In the case of Ramtohul v The Queen 1971, this rule was experienced. The accused was
arrested and the defense counsel stated that the accused had only put stones on the road for
blocking the road as an obstacle and section 48(1) of the Public Order Act 1970, makes place for
only “structures, fence, ditch et other obstacles” and that an obstacle of stones is not in the
same category and the accused is being wrongly punished. The Supreme court held that
according to the principle of ejusdem generis or things of the same kind,this obstacle of stone
falls under this category even if the law did not mention it. The intention of the legislature was
to the obstruction of the free passage on the road and it should be interpreted widely.

Noscitur a sociis:
“A thing is known by its associates”. The meaning of the words can be understood from the
words around them. When a word is ambiguous, its meaning may be determined by reference
to the rest of the statute. The meaning of questionable or doubtful words or phrases in a
statute may be ascertained by reference to the meaning of other words or phrases associated
with it. For example the words “floors” in the Factories Act 1961, in phrase “floors, steps, stairs,
passages and gangways” which were required to be kept free from obstruction, was held “not
to apply to part of a factory floor used for storage rather than passage.

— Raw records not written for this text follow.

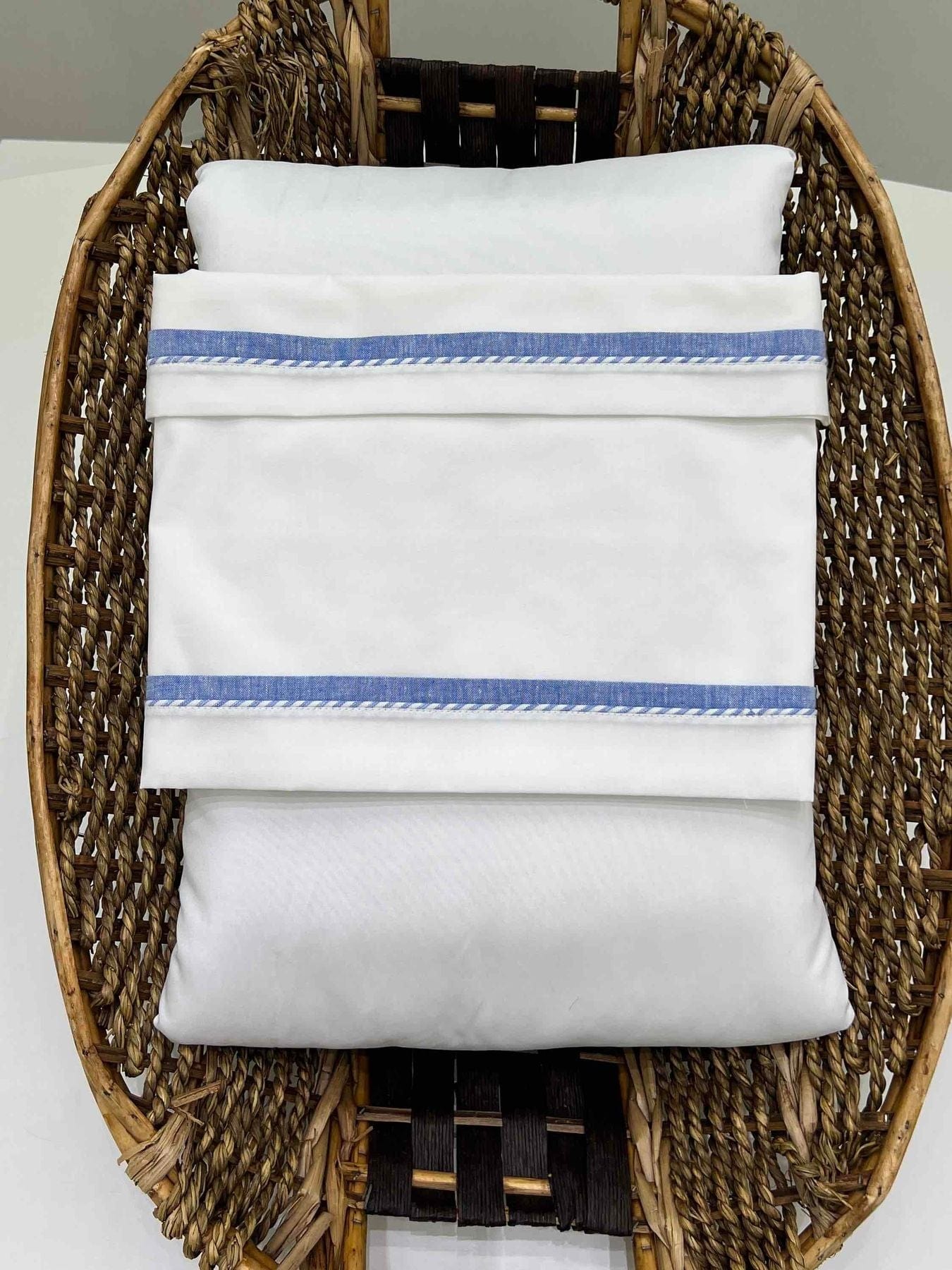 Lenzuolo neonato in cotone con bordatura a contrasto blu a righe.
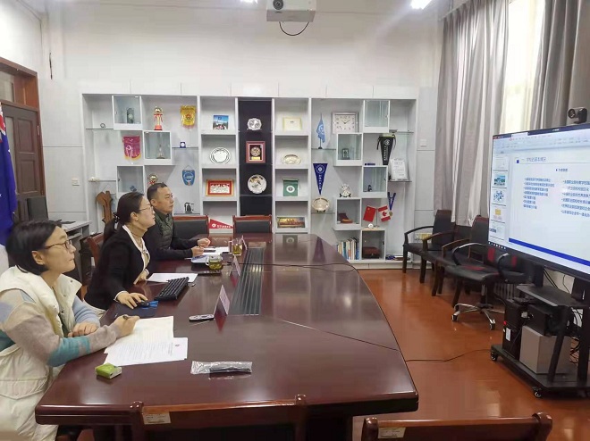 杨静首先介绍了我校基本情况,重点从引进国际优质教育资源、实施国际化师资团队建设、拓展境外办学项目、开展“中文+职业技能”教育等方面对学校国际交流与合作及中文教育情况进行了阐述,并欢迎老挝师生来校交流学习。双方观看了学校留学生招生宣传片。
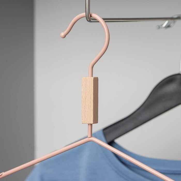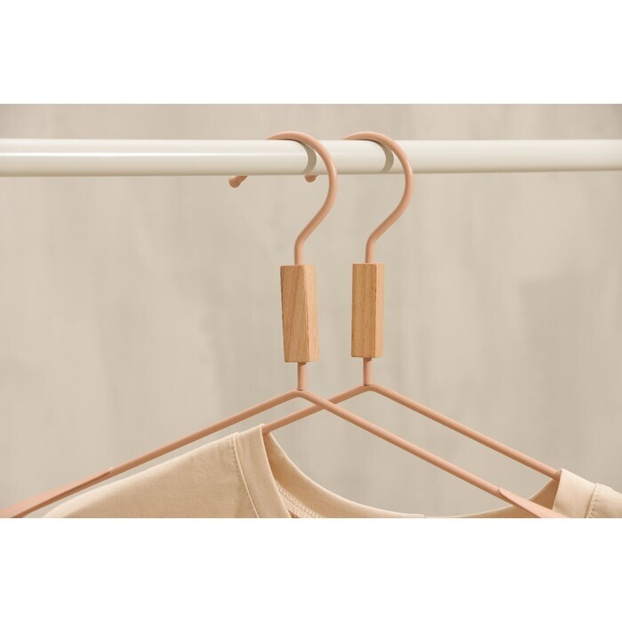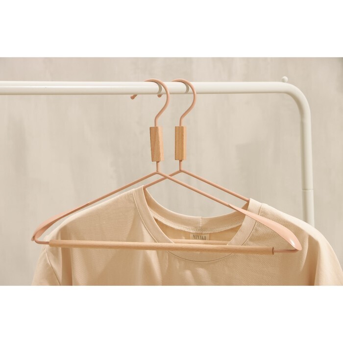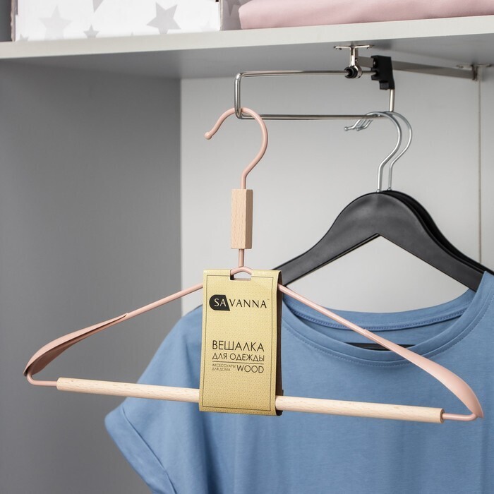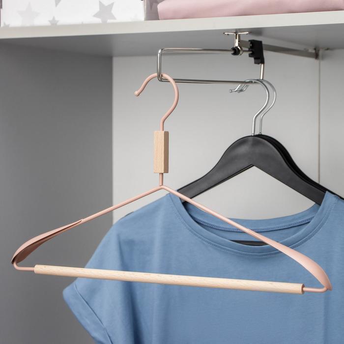 Вешалка для одежды с усиленными плечиками SAVANNA Wood, 42×22×3,2 см, цвет розовый

Expresso Unius Est Exclusio Alterius:

It is also known as the The Negative Implication Rule. This rule assumes that the legislature
intentionally specified one set of criteria as opposed to the other. Therefore, if the issue to be
decided addresses an item not specifically named in the statute, it must be assumed that the
statute does not apply. It refers to the fact that the exclusion of one thing is the exclusion of
another. For example if a law is making reference to horses, cows cannot form part under that
law.

There are other rules of interpretation of Acts of Parliament:


Les Travaux Préparatoires:

Another form of interpreting statutes can be by studying the parliamentary materials. These are
parliamentary materials before the bills are passed as an Act. It may contain debates of the
parliament, notes, suggestions, recommendations, etc. When a text in an statute is ambiguous,
the judiciary may return back to the time when the law was still a bill. The classic case may be
Fracoeur v Francoeur where the court looked at the parliamentary materials. The case was
about a minor girl wishing to marry but her father refused to give his assent and the mother
had asked the judge in chambers for a “dispense d’age”. It was held that the judge did not have
jurisdiction and the application was set aside. In this case the judge referred to the
parliamentary materials for the “dispense d’age” of Sir Guatan duval who had at that time
proposed that law.

Presumptions:

There are some facts which need not be proved because they are deemed by the law to require
no proof.
In the case of Masson v R 1962, presumption was defined as: A presumption, earns a rule of
law that courts and judges shall draw a particular fact or from particular evidence unless and
until the truth of such inference is disapproved”
There are many presumptions that may be applies in doubtful cases such as: presumption
against ousting the jurisdiction of the courts, presumptions in favour of a strict construction of
penal statutes or presumption against interference with vested rights.
Finally there is also an internal aid for the interpretation of the statutes. There is an interpretation
section (stated above), long title, preamble, short title, headings, side notes, punctuations,
schedules. All of them forms part of the statute and may be used for the interpretation of the
statute. According to section 6(1) of the Interpretation And General Clauses Act 1974, “ The
Schedules and appendices of an enactment shall form part of the enactment.” In the case of
Phillippe Rogers v the Controller of Customs 1994, the court stated that: “ The schedule is as
much part of the statute, and is as much an enactment in a schedule contradicts an earlier clause,
the clause prevails against the schedule.”

A doctrine stated that: “Nul n’est censé ignorer la loi”. So for the good prevalence of justice in
the country the statutes must be passed in clear and explicit terms by the legislature so that the
judiciary can administer the law properly.